Ce que c’est vraiment
Les pommes de terre sont taillées crues, en rondelles de deux à trois millimètres, et surtout pas rincées — l’amidon de surface est l’agent liant du plat. Le lait et la crème les cuisent lentement, l’ail est frotté au plat ou infusé dans le liquide, la muscade reste discrète. La version stricte se passe de fromage, ce qui n’est pas un appauvrissement mais un choix de texture : sans caséine fondue, la crème reste souple au lieu de filer. Le gratin savoyard, lui, assume le fromage et le bouillon, et c’est un autre plat.
En cuisine
La faute la plus fréquente consiste à précuire les pommes de terre à l’eau, ce qui lessive l’amidon et donne un gratin qui rend du jus. Un blanchiment rapide dans le lait lui-même est en revanche défendable, il amorce la gélatinisation sans rien perdre. La cuisson demande du temps à chaleur douce, autour de 150 à 160 °C, pendant une heure et demie ou plus selon l’épaisseur du plat. Vous vérifiez la cuisson à la pointe du couteau au centre, et vous laissez reposer avant de servir pour que le liquide finisse de prendre.
À table
Il accompagne les viandes rôties et les gibiers, où son gras répond aux sucs.

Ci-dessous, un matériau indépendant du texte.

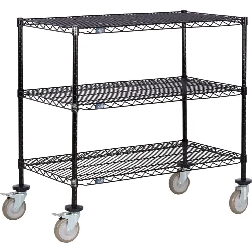 Nexel®, 3 Shelf, Shelf Cart, Black Epoxy, 42"W x 21"D x 40"H, Poly Casters,4 Swivel, 2 Brake
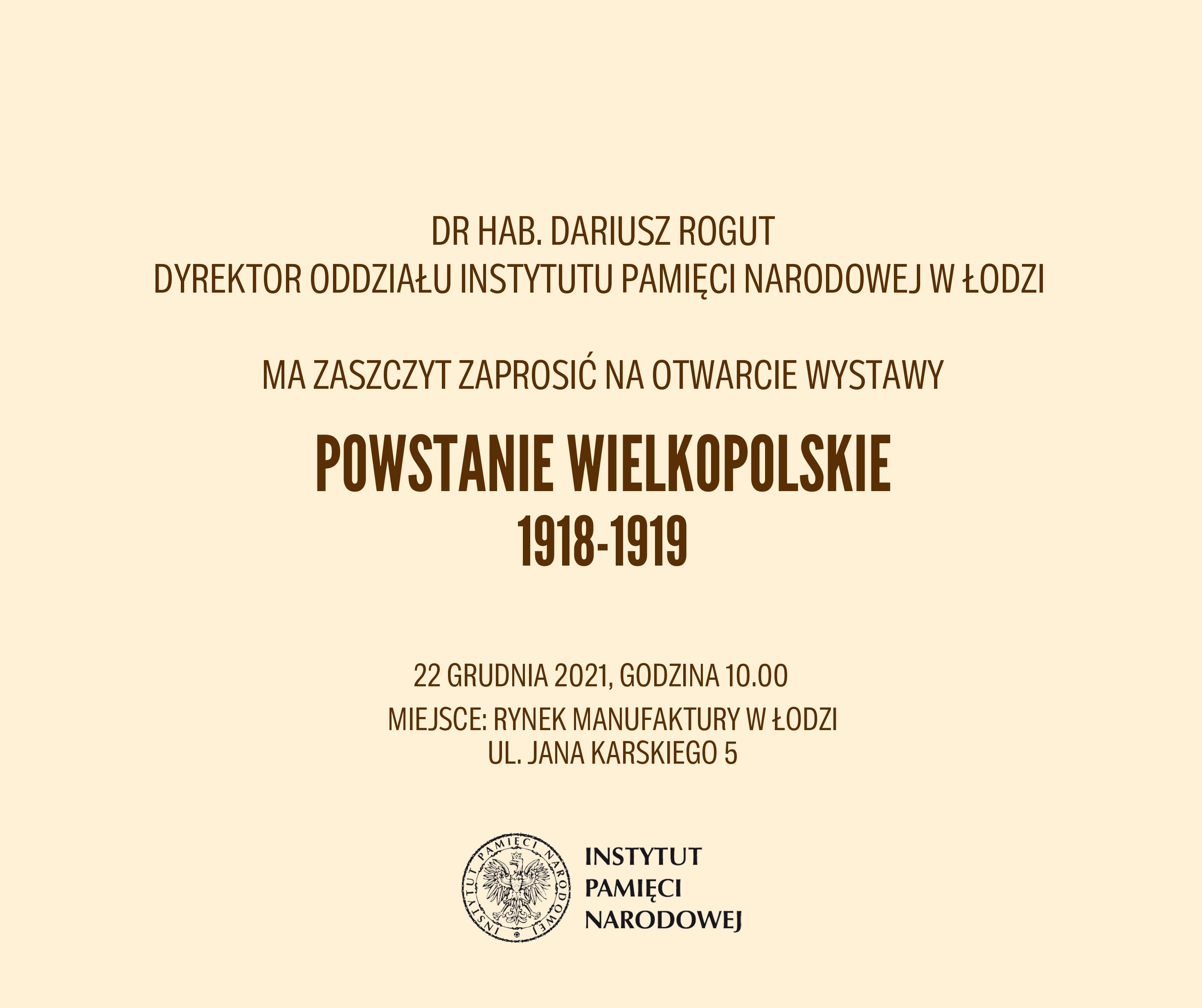 27 grudnia 2021 r., w 103. rocznicę wybuchu Powstania Wielkopolskiego 1918-1919, będziemy po raz pierwszy obchodzić Narodowy Dzień Zwycięskiego Powstania Wielkopolskiego. W celu uczczenia nowego święta i oddania hołdu uczestnikom bohaterskiego zrywu, Instytut Pamięci Narodowej wraz z wojewodami zaplanowali prezentację w całej Polsce wystawy „Powstanie Wielkopolskie 1918–1919”.

En plat seul, une salade à l’huile de noix et au vinaigre franc compense sa richesse.
Valeurs nutritionnelles
Valeurs moyennes pour 100 g, d’après la table CIQUAL de l’ANSES.
| Pour 100 g | Quantité |
|---|---|
| Énergie | 112 kcal |
| Matières grasses | 4,2 g |
| — dont acides gras saturés | 2,7 g |
| Glucides | 14,5 g |
| — dont sucres | 2,1 g |
| Fibres | 1,5 g |
| Protéines | 3,4 g |
| Sel | 0,81 g |
Source : ANSES-CIQUAL 2020 (« Gratin dauphinois »). Valeurs indicatives pour un produit courant ; elles varient selon la marque, l’affinage ou la recette. Aucune allégation de santé.